For the last two years, throughout the campaign, Obama has consistently reminded me of the Kennedy family. His words, image, tone, and message of hope, the joy he inspires in people, his young family all carry for me a feeling of Kennedy legacy, from Jack to Bobby, even through Teddy, though I could scarcely claim to have been influenced firsthand by the former two. The legacy, I believe, is of the idea that change is possible, that hope can be real, and that the nation should be governed for the good of the common man, in the face of hope and adversity. As I have become an adult, as my social and political consciousness has matured, I’ve come to realize that the political world in which I have been raised has been at best indifferent to the needs and hopes of the people, and at worst actively pursuing the benefit of the priveledged at the expense of everyday people. I have learned to dislike Reagan, to tolerate Johnson, to pity H.W. Bush, and wish for more from Clinton. Even more, I’ve learned what politics meant to my parents, and many other people of their generation. The idea of politics as having the ability to change the way we live is something that is foreign to me, and yet would not be in to my parents in the 1960s.

In the 1960s, they saw the rise of young liberalism, the fight for civil rights, the challenge to war-mongering, and with all of these, strong faces and personalities giving them life. They also saw the death of Martin Luther King, JFK, and Bobby Kennedy; the end of the summer of love (and innocent freedom), the 1968 DNC riots in Chicago, the continuation of the wars in Korea and Vietnam. In 1969, political hopes were crushed. My father was drafted. All the hopes for change, the belief that their expression of this need for change would be heard and addressed, had been killed with Robert Kennedy. The hope that any real change would ever come was beaten out of them in Chicago. Hope, simply put, wore out. What do you do when everything you’ve ever put faith in fails?

And yet forty years later, here is this man with a fresh face, a young family, speaking the words of hope that we’ve all been longing to hear, some of us for our entire lives. Our new president speaks of change for all, not just advancement of some. He embodies the idea that life can be good for all of us, that we can be the change we wish to see. Rather than telling us to abide, to cope, that we’re the best and that’s all, he tells us to hope, to dream, to work, to change. We have been waiting forty years for you.

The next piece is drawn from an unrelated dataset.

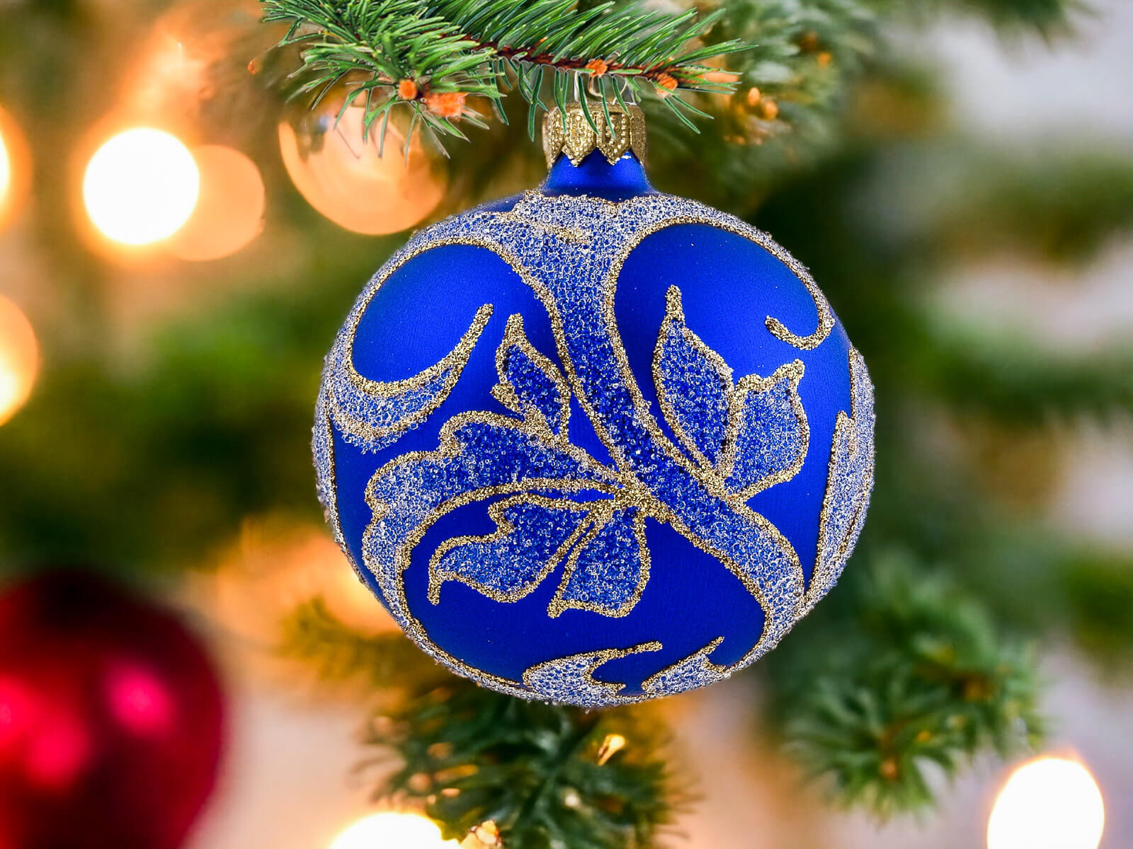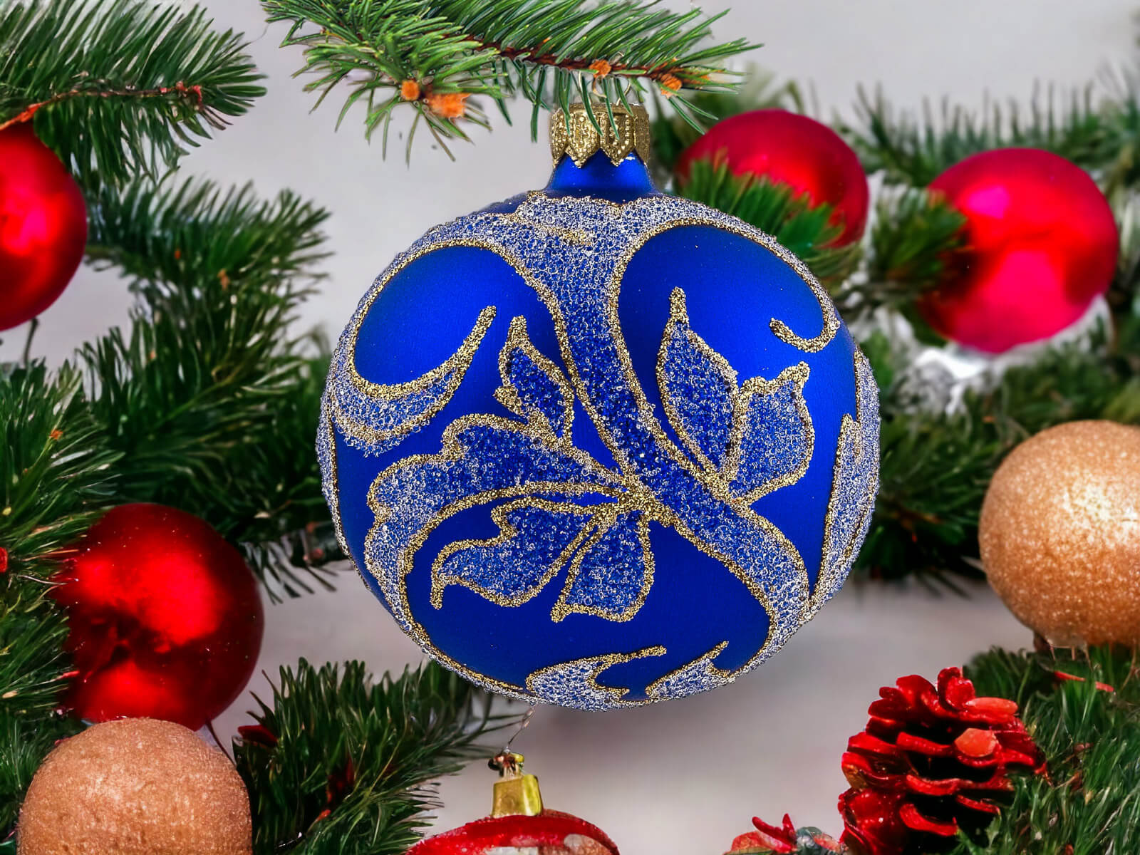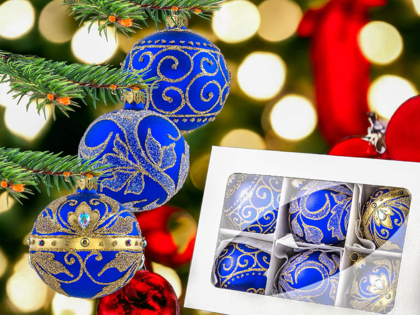 Szafirowy podkład bombek stanowi tło dla bogatych złotych zdobień, które zdobią każdą z nich. Złote detale, precyzyjnie nanoszone ręcznie, nadają bombkom wyrafinowanego charakteru, tworząc efektowny zestaw, który z pewnością przyciągnie uwagę i stworzy wyjątkowy klimat świąt.

And this idea, this complex notion that Obama is not just our president now, but also their president then, was simply not present in the minds of my coworkers as we watched the inauguration. They, like me, were moved by the beauty in his rhetoric, the promise of change, and yet were somehow not invested in it. Yes, the foreign policy of the United States affects Canada much more than it does most other countries. Yes, American politics get much more attention in Canada than Canadian politics do. Yes, he is the first African American president in the Western World. But missing was the weight of history and the sense of urgency, that if this change had not happened now, we would not be able to last another forty years.

And perhaps more than history it is our spirit that differs. Not one person here has been able to give me a convincing argument for why Canada still has a queen. The best I’ve heard is, “What’s wrong with the queen – what has she done to us lately?” followed closely by “it would be soooo expensive to take her name and face off of everything.” Along the same line, I’ve never met an American who understands why Canadians don’t just secede. Having a queen in England who has the authority veto political decisions is kind of like letting your parents tell you what to do once you’ve moved away from home and started your own family. It’s nice to be nice to them, but someday you have to cut the cord.

At the end of the day on Tuesday, after being awed and moved and instilled with fierce pride, I also came away with a better understanding of myself and my country, and how patriotic I actually might be, however cynical I come across. Here we are, after so many years, doing what others thought could not or would not be done, believing again in the face of adversity and years of being trodden upon by our leadership. Here we are declaring our independence once again, declaring our difference and yet our common humanity. Here we are, showing the world the embodiment of our American dream: that the son of a Kenyan immigrant raised by a single mother, can become President on the merit and power of his dreams, and lead the nation, and in fact the world, into a new era.

And away we go….

Sunday, January 18, 2009

Get Your OWN President

With inauguration-mania looming, Canadian news magazines are not going to be left out of the conversation. Day after day, newscast after newscast, the journalists and pundits pick apart Obama, his administration, what this all means to Americans and Canadians. They interview politicians, White House correspondents, “experts,” and people who have no obvious link to the subject. Today they talked with a series of comedians, trying to uncover what the comedic atmosphere will be in the coming four years. This is all well and good, except WHERE IS YOUR OWN GOVERNMENT?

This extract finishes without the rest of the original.